Edit: I agree that masses are important and should be guessed, and this may also apply to elements -- but I think a way to easily guess using different information to the tables in guessers, and to easily overwrite the attribute with a guess that the user manually makes, would be really convenient.

richardjgowers commented 4 years ago

So would it make sense for the context to do the guessing?

ie

context = Context.from_files(...)
masses = context.guess_masses(topology)  # modifies topology in place?

Where the default .guess_masses is just our current function

xiki-tempula commented 4 years ago

MARTINI all have either 72 (which is the case for non-polarizable version) or 36 and 72 for (polarizable version). The particle which has a mass of 36 can be easily picked up by the presence of the name.

for residue in protein.select_atoms('name D').residues:
    if residue.resname == 'LYS':
       residue.atoms.select_atoms('name Qd D').masses = 36
    elif residue.resname == 'THR':
       residue.atoms.select_atoms('name N0 D').masses = 36
jbarnoud commented 4 years ago
>>> context = Context.from_files('martini.itp', 'martini_aa.itp',
                                 'martini_ions.itp', name='my_martini')
>>> u = mda.Universe('martini.gro')
>>> u.guess_TopologyAttr('masses', from_attrs=['names', 'resnames'], 
                         context='my_martini')

I really like that. I would just advocate to ditch the name here, and to refer directly to the object. Just for the sake of reducing complexity.

lilyminium commented 4 years ago

So would it make sense for the context to do the guessing?

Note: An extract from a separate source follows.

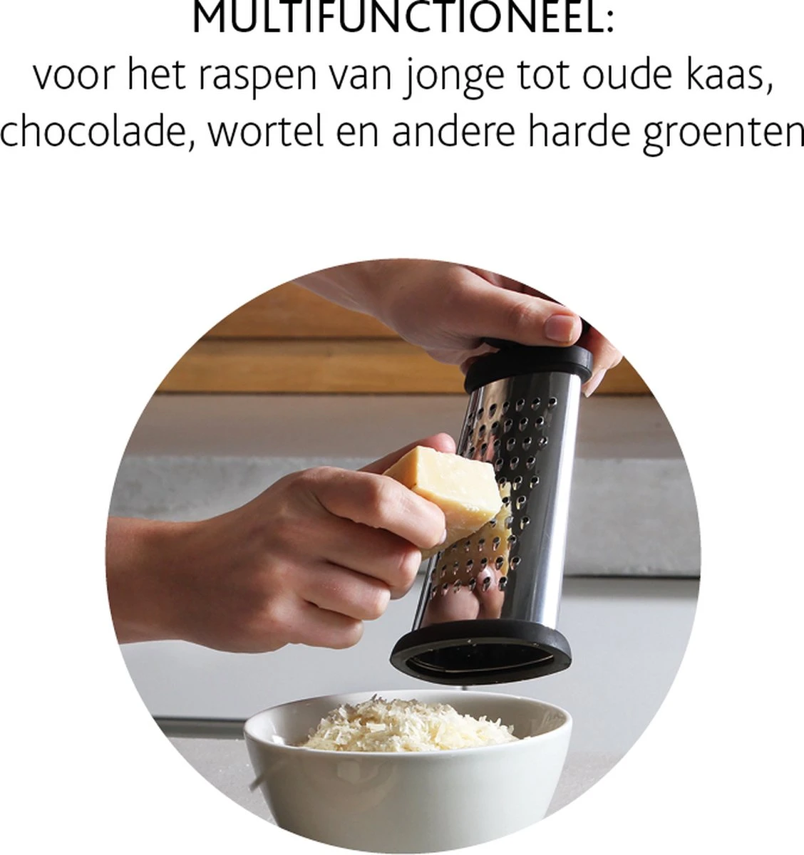 Met de Trio Formaggio van BOSKA rasp je je favoriete kazen op drie manieren: vlokken, grof en fijn. Heerlijk voor over je pizza, pasta of in de soep! Want zeg nou zelf: versgeraspte kaas is toch veel smaakvoller dan de voorverpakte variant?! Er is een reden dat versgeraspte kaas nog beter smaakt dan voorverpakte geraspte kaas. Tijdens het raspen komt namelijk zuurstof vrij. Dit zorgt dat de smaak van je kaas nog intenser is en maakt deze handige kaasrasp onmisbaar in je keuken. Naast kaas kun je ook chocolade, komkommer en bijvoorbeeld citrusvruchten met deze keukentool raspen. De rasp is zeer eenvoudig in gebruik. Zet hem op tafel, of hou hem boven je bord, en haal de kaas langs de rasp.

It could! I left it as a classmethod because I like x.from(y), but it’s probably easier to subclass and modify as a Context method. However my method allows users to match values that are not in the topology by passing it in themselves, which I thought might matter in some way.

I would just advocate to ditch the name here, and to refer directly to the object. Just for the sake of reducing complexity.

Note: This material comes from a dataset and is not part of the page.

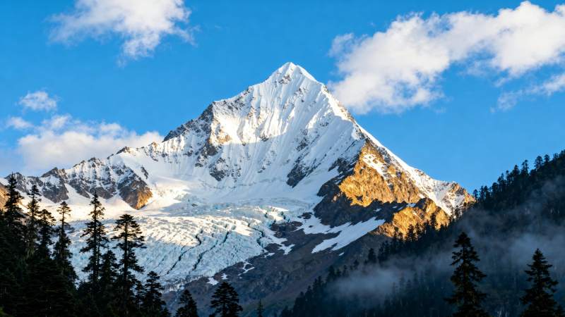 雪山巍峨 松林静谧
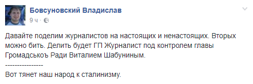 Владислав Бовсуновский, журналист: "Давайте поделим журналистов на настоящих и ненастоящих. Вторых можно бить. Делить будет ГП Журналист под контролем главы Громадськои Ради Виталием Шабуниным. Вот тянет наш народ к сталинизму".

Sure. I would leave the name as an option just because it follows the topology format and because MDAnalysis might like to offer some default contexts.

jbarnoud commented 4 years ago

MARTINI all have either 72 (which is the case for non-polarizable version) or 36 and 72 for (polarizable version). The particle which has a mass of 36 can be easily picked up by the presence of the name.

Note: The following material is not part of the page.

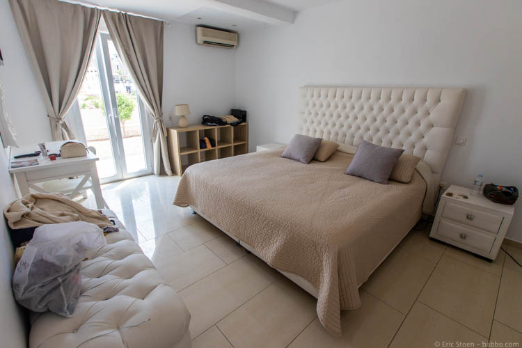 If we’re on a Greek island we want to stay in a main town with a lot of restaurant choices, easy beach access and places for the kids to roam on their own. I prefer not to rent a car if we don’t have to – we’d rather walk everywhere than deal with a small rental car (maxed out by our family of five) and parking.

for residue in protein.select_atoms('name D').residues:
    if residue.resname == 'LYS':
       residue.atoms.select_atoms('name Qd D').masses = 36
    elif residue.resname == 'THR':
       residue.atoms.select_atoms('name N0 D').masses = 36

This is not completely accurate. The "small" beads used (mostly) in rings have a mass of 45 amu. You need to know the topology of the residue to know which beads are small. Added to that, the upcoming version of the force field has 3 bead sizes with different masses and many more molecules. But it is just an example, other cg force fields do have different masses for each particles.

zemanj commented 4 years ago

tl;dr: We should not guess anything by default.

I'd like to take up what @richardjgowers said:

But maybe it's cleaner and more correct to not guess anything by default to force users to understand what is from their file and what is derived information.

In my opinion, this is not a "maybe". It may appear like a nice convenience feature if properties can be guessed automatically. However, there is no scientifically sound way to get around actually providing the correct numbers to obtain reliable data. Results obtained with the help of MDAnalysis are regularly published in scientific papers. Any such result must not rely on educated guesses but on facts. And guessing masses is not "deriving". It is guessing. After all, we cannot know for sure which masses/charges/whatever were used in the simulation unless the user provides this information. Assuring that people do their research properly is certainly not our responsibility as MDAnalysis developers. However, it should be our goal to enable people to do things correctly. In that respect, guessers are a neat feature, but from a scientific standpoint they're rather dangerous. Don't get me wrong, I think we should definitely have smart guessers. I just think they really should be disabled by default, and we should take great care letting the user know that guessed properties must be carefully checked.